Figure 4 Configuring a transformation
Right-click the Start component, select the Run Next Entries in Parallel component, and set concurrent task execution.

Figure 5 Setting concurrency

After the setting, a double slash will appear between the Start and Transformation components.

Figure 6 Setting concurrency succeeded
Click Run to execute the conversion tasks concurrently.

Figure 7 Executing the conversion tasks concurrently

Step 6: Check Table Data

After the migration, check whether the data on the source and destination databases is consistent using DataCheck.

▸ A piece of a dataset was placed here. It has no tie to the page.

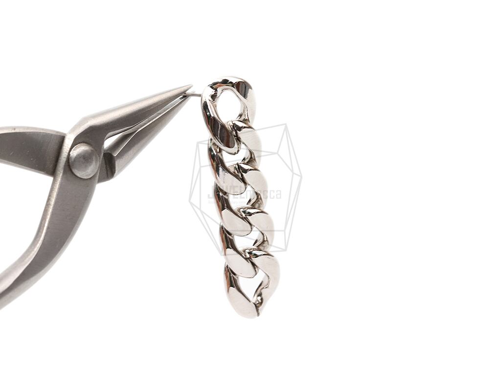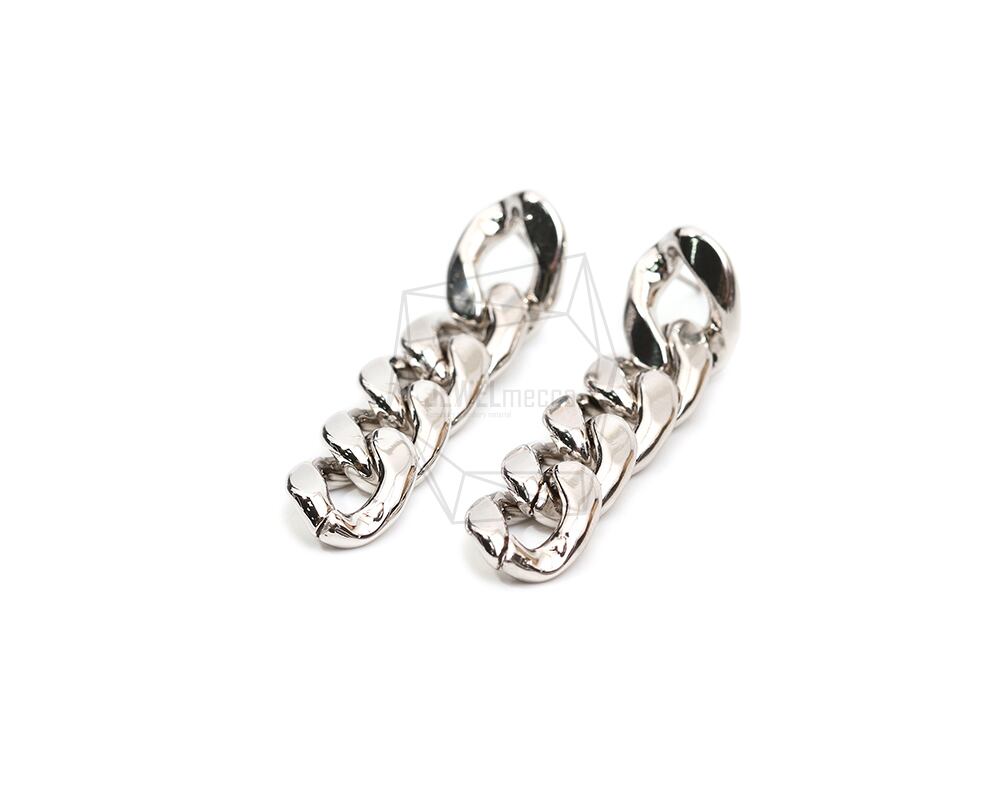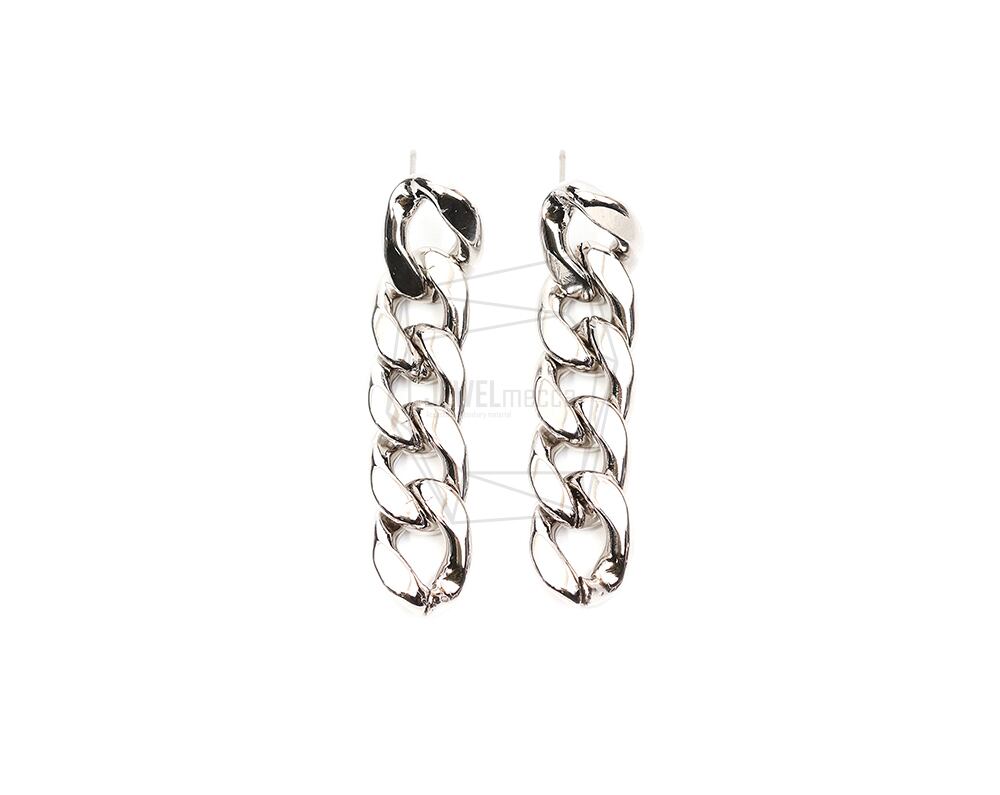 ERG-1968-R/2PCS/Chain Link Post Earring/10mm X 45mm/Rhodium Plated Over Brass , Titanium post

Create an ECS (running Linux or Windows) and bind an EIP to the ECS to access BigQuery.
Upload the software package to the specified directory (user-defined) on the ECS, decompress the DataCheck-*.zip package, and go to the DataCheck-* directory. For how to use the files in the directory, see Table 1.
Configure the tool package.
- In Windows:
  Open the dbinfo.properties file in the DataCheck/conf folder and configure it as needed.
  
  You can use the command below in the tool to generate the ciphertext of src.passwd and dws.passwd.
  
  encryption.bat password
  
  After the command is executed, an encrypted file is generated in the local bin directory.
- In Linux:
  Decompress the DataCheck package and go to the directory where the properties file is stored.
```
cd /DataCheck/conf
cat dbinfo.properties
```
  Configure the properties file as follows:
  
  The method of generating the ciphertext is similar to that for Windows. The command is sh encryption.sh Password.
Check data.

In Windows:
1. Open the check_input.xlsx file, enter the schemas, source table, and destination table to be checked, and fill in Row Range with a data query statement to specify the query scope.
  - The Check Strategy offers three levels: high, middle, and low. If unspecified, the default is low.
  - The Check Mode supports statistics (statistical value checks).
  The following figure shows the check_input.xlsx file for metadata comparison.
  
  Figure 8 check_input.xlsx
2. Run the datacheck.bat command in the bin directory to execute the check tool.
3. View the generated check result file check_input_result.xlsx.
  
  Check result analysis:
  - If Status is No Pass, the check fails.
  - The Check Result Diff column shows that the avg values in the value check are different. The avg value of DWS is 61.5125, and that of the source database is 61.5000.
  - The specific check command is displayed in Check SQL.
In Linux:
1. Edit and upload the check_input.xlsx file. Refer to the step 1 for Windows.
2. Run the sh datacheck.sh command to execute the check tool.
3. View the check result in the check_input_result.xlsx file. (The check result analysis is the same as that for Windows.)